Seth pareció divertirse con sus propias ocurrencias. Ricitos de Oro iba montada en la carretilla, metida en un saco que Seth había encontrado en la despensa. Habían intentado arreglar la jaula abollada, pero no lograron que la portezuela se mantuviera cerrada. El saco se cerraba con un cordón corredizo, que ciñeron alrededor del cuello de la gallina sin apretar demasiado, para que pudiera llevar la cabeza fuera.
No era fácil pensar que esa gallina fuese la abuela Sorenson. No había realizado ni un solo acto propio de la abuela en toda la mañana, ni mostrado reacción alguna al anuncio de que iban a ir a ver a Muriel, y durante la noche había puesto un huevo en la cama de Kendra.
Kendra y Seth se habían despertado justo antes del alba. Habían encontrado la carretilla en el granero, y determinaron que podría resultar más fácil usarla que llevar en brazos a Ricitos de Oro hasta la choza de hiedra.
Ahora le tocaba a Kendra llevar la carretilla. La gallina parecía apaciguada. Probablemente disfrutaba del aire fresco. Hacía buen tiempo: sol y temperatura agradable, sin llegar a hacer calor.
Kendra se preguntó cómo irían las negociaciones con Muriel. Al final habían decidido que no les haría ningún daño ver qué trato podían alcanzar con la bruja. Podrían tomar su decisión final basándose en lo que Muriel estuviera dispuesta a hacer por ellos en lugar de basarse en conjeturas.
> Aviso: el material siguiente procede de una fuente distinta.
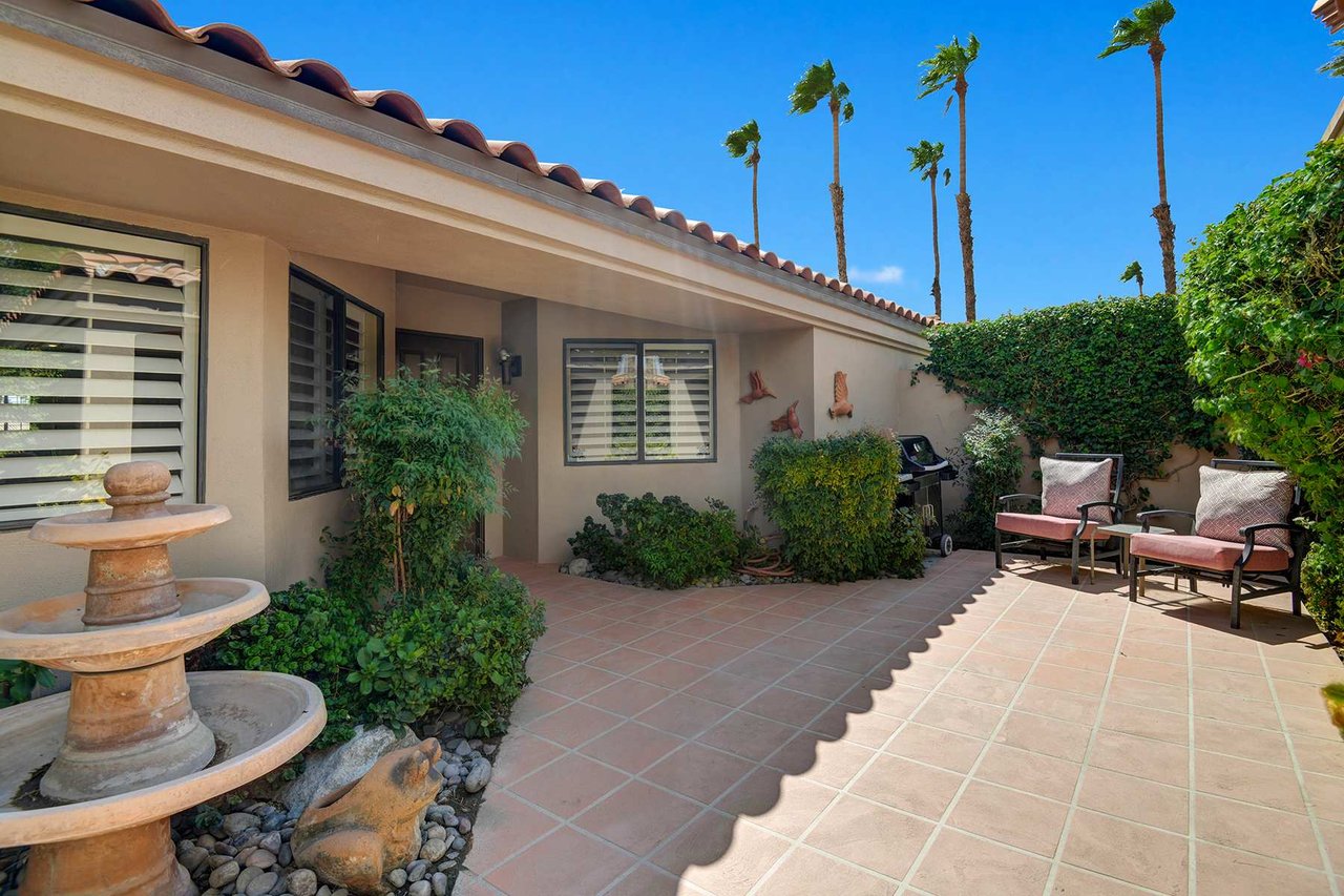 Enjoy the perfect desert retreat in this beautifully updated Palm floor plan home featuring 2 bedrooms, 2 bathrooms, and a family room with approximately 1,550 sq. ft. of comfortable, single-level living. This end unit offers elevated fairway views from your private patio, creating a peaceful setting for morning coffee or evening sunsets.

Habían cargado la carretilla con comida, ropa, herramientas y utensilios, por si era posible llegar a un acuerdo intercambiando el favor por objetos que le hicieran la vida más cómoda en lugar de por su libertad. Casi toda la ropa había quedado destrozada durante la noche del solsticio, pero encontraron unas cuantas prendas intactas para que la abuela se vistiese si al final conseguían devolverla a su estado original. Se habían cerciorado de que la gallina tomase leche por la mañana, así como de tomar un poco ellos también.
No les costó mucho recordar las veredas que conducían a la choza. Y acababan de ubicar la frondosa construcción en la que moraba la bruja. Seth dejó la carretilla y cogió a la gallina, mientras Kendra reunía todos los artículos de trueque que pudo llevar con los brazos. Kendra le había recordado a Seth que mantuviera la calma y que fuese cortés, pasase lo que pasase, pero ahora repitió de nuevo la advertencia.
Mientras se acercaban a la choza, oyeron una música extraña, como si alguien estuviera pulsando una goma elástica mientras tocaba unas castañuelas. Tras rodear la choza para llegar a la puerta de entrada, se encontraron a la mugrienta y andrajosa vieja tocando un birimbao con una mano, mientras hacía bailar la marioneta de madera con la otra.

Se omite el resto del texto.